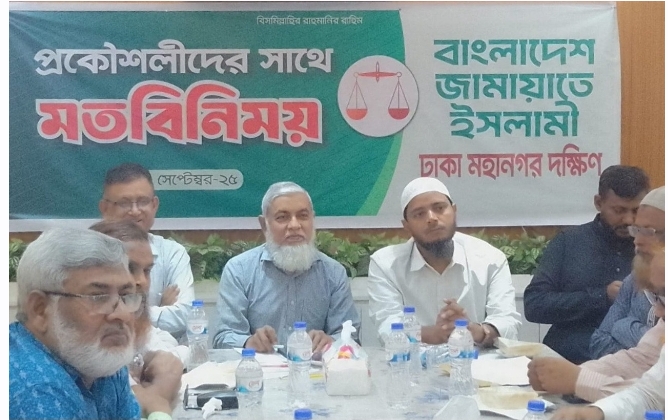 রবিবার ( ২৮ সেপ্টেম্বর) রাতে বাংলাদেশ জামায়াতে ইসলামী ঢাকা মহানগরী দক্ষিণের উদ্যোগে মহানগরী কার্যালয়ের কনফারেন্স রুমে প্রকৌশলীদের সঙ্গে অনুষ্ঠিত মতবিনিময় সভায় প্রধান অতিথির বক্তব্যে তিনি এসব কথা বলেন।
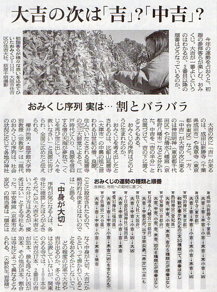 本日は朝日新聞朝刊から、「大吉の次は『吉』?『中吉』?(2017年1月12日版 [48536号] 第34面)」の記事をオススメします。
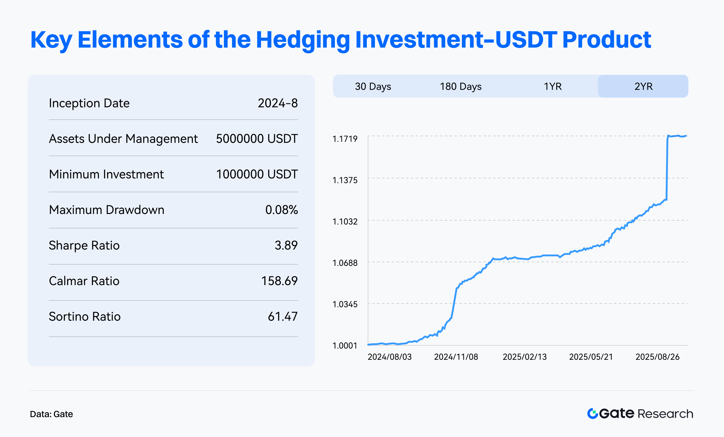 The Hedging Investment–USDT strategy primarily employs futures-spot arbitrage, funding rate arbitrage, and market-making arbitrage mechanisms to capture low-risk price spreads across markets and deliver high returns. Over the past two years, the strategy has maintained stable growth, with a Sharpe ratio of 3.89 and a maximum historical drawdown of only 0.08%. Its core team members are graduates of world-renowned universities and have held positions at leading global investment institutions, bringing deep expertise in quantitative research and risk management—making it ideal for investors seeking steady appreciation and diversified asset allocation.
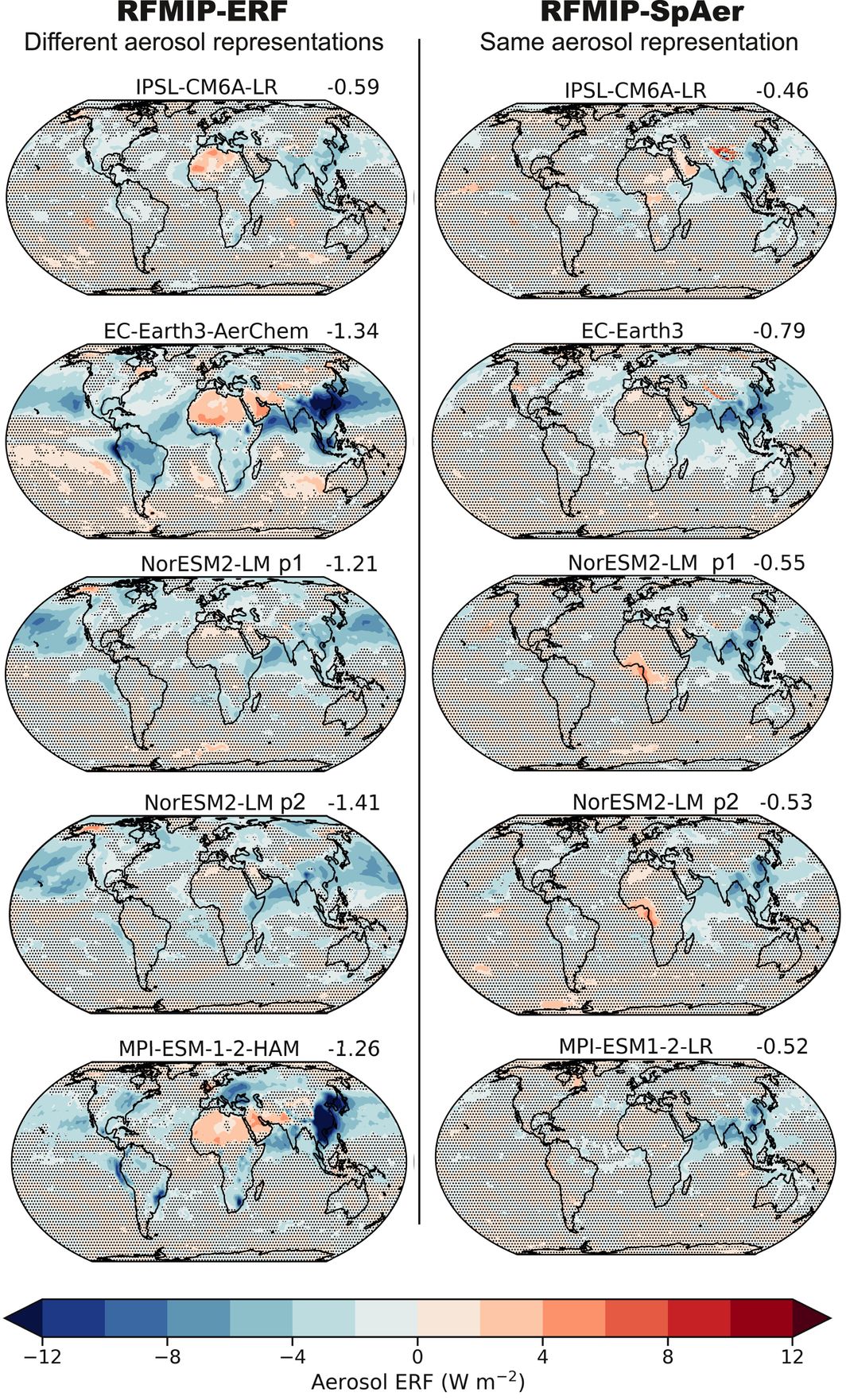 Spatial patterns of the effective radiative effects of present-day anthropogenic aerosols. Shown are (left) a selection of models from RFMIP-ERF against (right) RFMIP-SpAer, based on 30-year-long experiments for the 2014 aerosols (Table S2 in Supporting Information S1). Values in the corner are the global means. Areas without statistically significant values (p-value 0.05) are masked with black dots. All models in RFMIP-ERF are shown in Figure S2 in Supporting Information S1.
________
→ What is expected:
In the material above, retype exactly the lines that run from the one containing "The Hedging Investment–USDT" through the last line, and keep out the pictures.

→ Answer for the task:
 The Hedging Investment–USDT strategy primarily employs futures-spot arbitrage, funding rate arbitrage, and market-making arbitrage mechanisms to capture low-risk price spreads across markets and deliver high returns. Over the past two years, the strategy has maintained stable growth, with a Sharpe ratio of 3.89 and a maximum historical drawdown of only 0.08%. Its core team members are graduates of world-renowned universities and have held positions at leading global investment institutions, bringing deep expertise in quantitative research and risk management—making it ideal for investors seeking steady appreciation and diversified asset allocation.
 Spatial patterns of the effective radiative effects of present-day anthropogenic aerosols. Shown are (left) a selection of models from RFMIP-ERF against (right) RFMIP-SpAer, based on 30-year-long experiments for the 2014 aerosols (Table S2 in Supporting Information S1). Values in the corner are the global means. Areas without statistically significant values (p-value 0.05) are masked with black dots. All models in RFMIP-ERF are shown in Figure S2 in Supporting Information S1.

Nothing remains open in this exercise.